## [What is expected]
Leaving the pictures aside, restate all of the data exactly.

## [Exercise data]
====
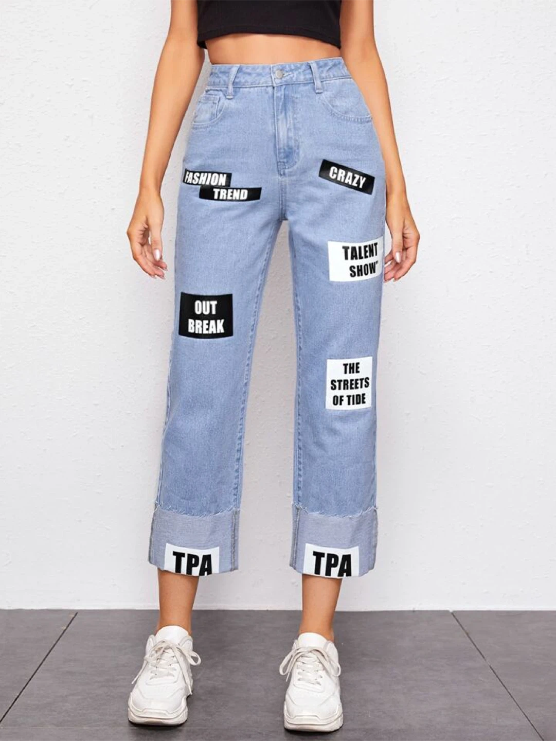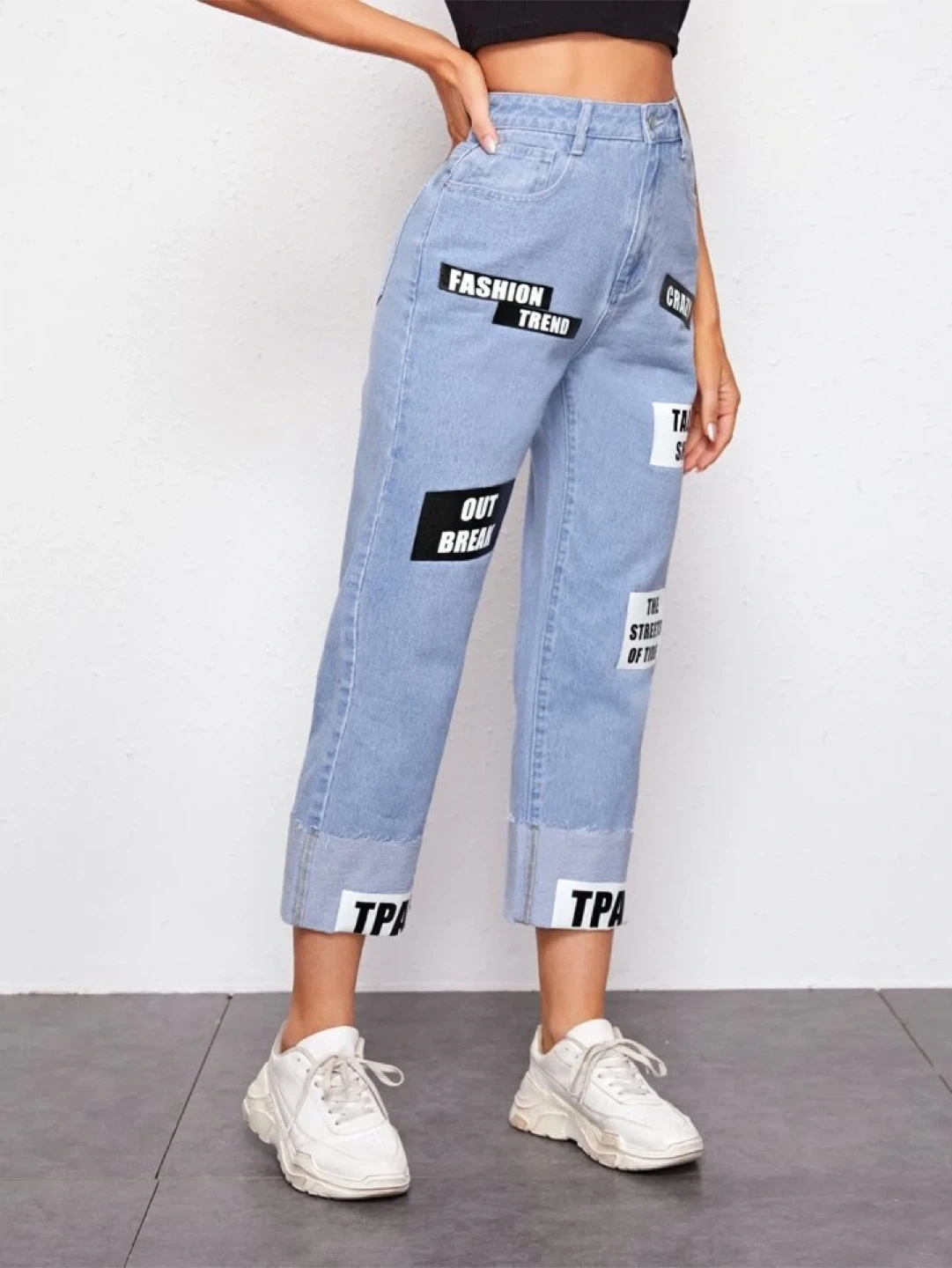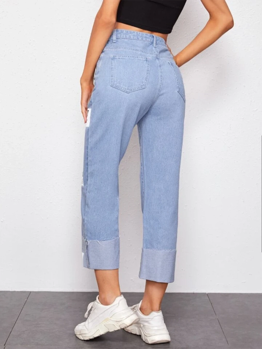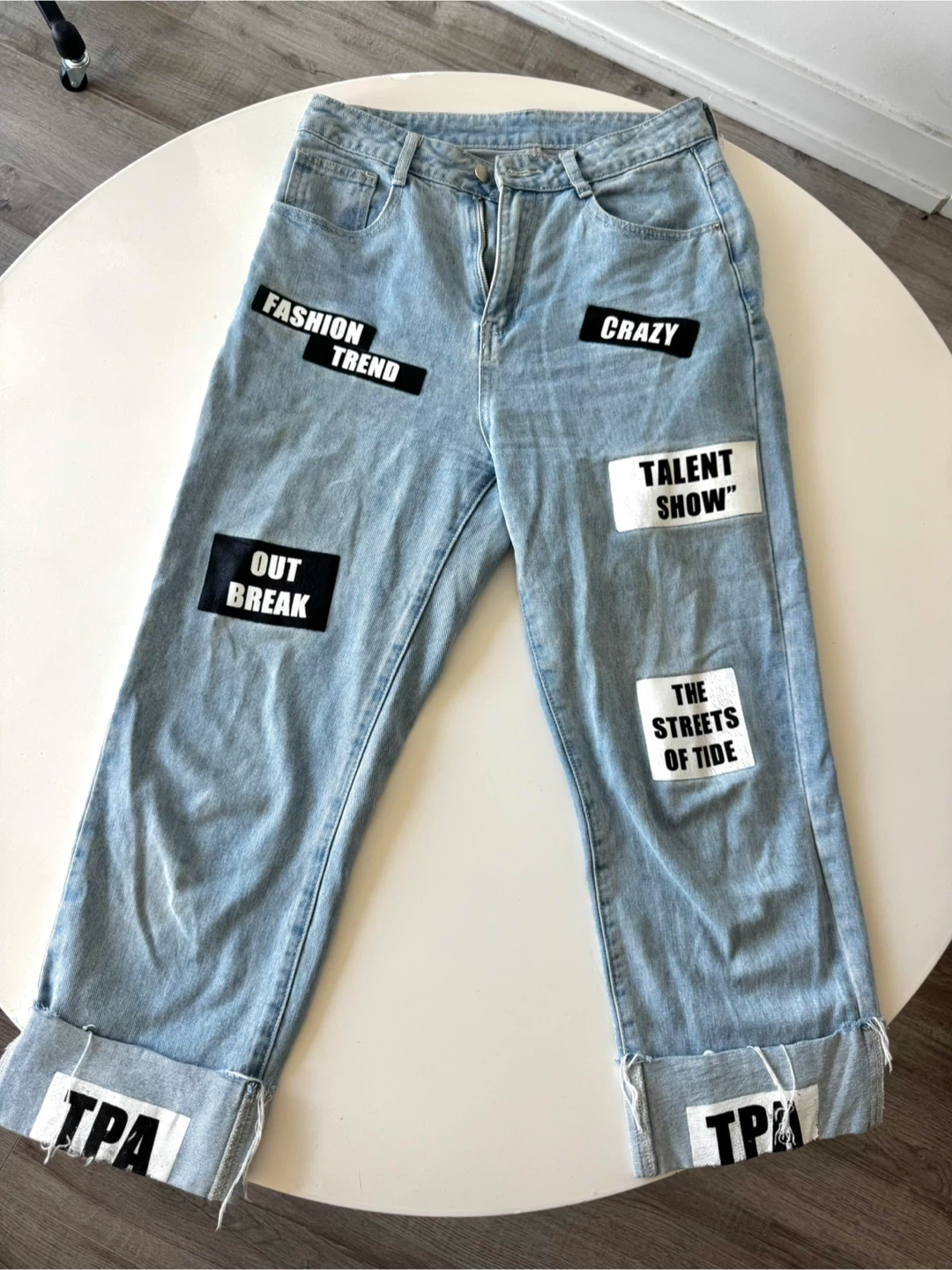 Cute light blue jeans with fun patches and cuffed hems! They're in great condition and ready for a new home
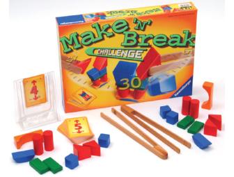 Perfect for family game night! Break into teams and have two players compete to build the wooden structures shown on the building cards. The challenge is that you can only handle the bricks with wooden tongs as you speed to finish building
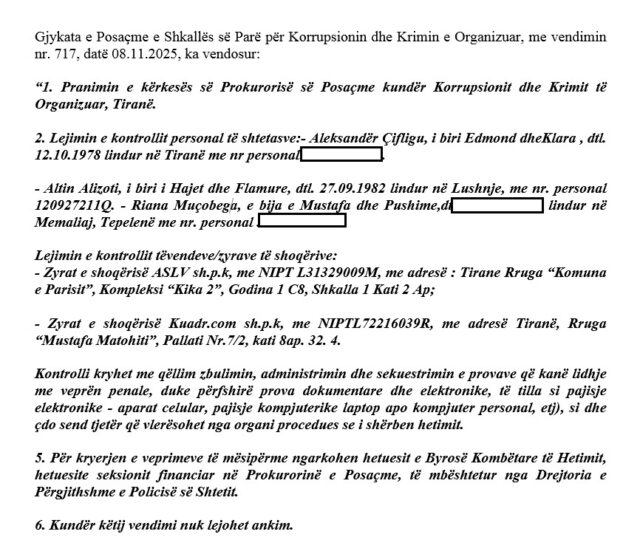 Mbi bazën e këtyre të dhënave, Prokuroria e Posaçme mori autorizimin e gjykatës për lejimin e kontrollit personal të administratorit të “ASLV”, Altin Alizoti dhe drejtuesit të “Kuadr.com”, Aleksandër Çifligu.
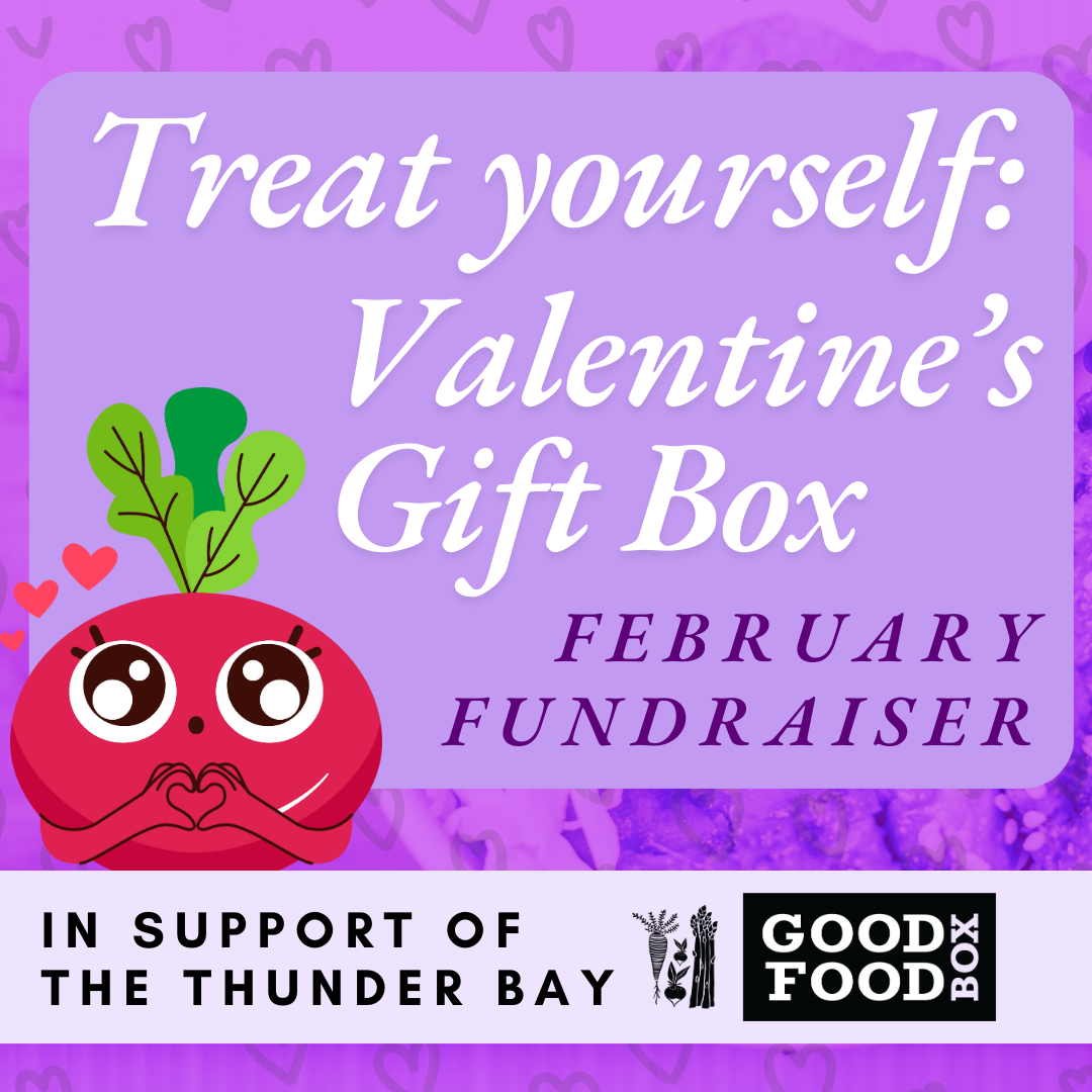 To celebrate the month of LOVE, consider purchasing a Fundraising Box in support of the Thunder Bay Good Food Box program! This fundraising box features a combination of locally-sourced tasty treats and handmade goods, made by our favourite local makers, producers, and artists! Support community food security while sharing the local love all at the same time! Treat yourself, gift it to your valentine, or share it with your friends!
====
## [Output below]
 Cute light blue jeans with fun patches and cuffed hems! They're in great condition and ready for a new home
 Perfect for family game night! Break into teams and have two players compete to build the wooden structures shown on the building cards. The challenge is that you can only handle the bricks with wooden tongs as you speed to finish building
 Mbi bazën e këtyre të dhënave, Prokuroria e Posaçme mori autorizimin e gjykatës për lejimin e kontrollit personal të administratorit të “ASLV”, Altin Alizoti dhe drejtuesit të “Kuadr.com”, Aleksandër Çifligu.
 To celebrate the month of LOVE, consider purchasing a Fundraising Box in support of the Thunder Bay Good Food Box program! This fundraising box features a combination of locally-sourced tasty treats and handmade goods, made by our favourite local makers, producers, and artists! Support community food security while sharing the local love all at the same time! Treat yourself, gift it to your valentine, or share it with your friends!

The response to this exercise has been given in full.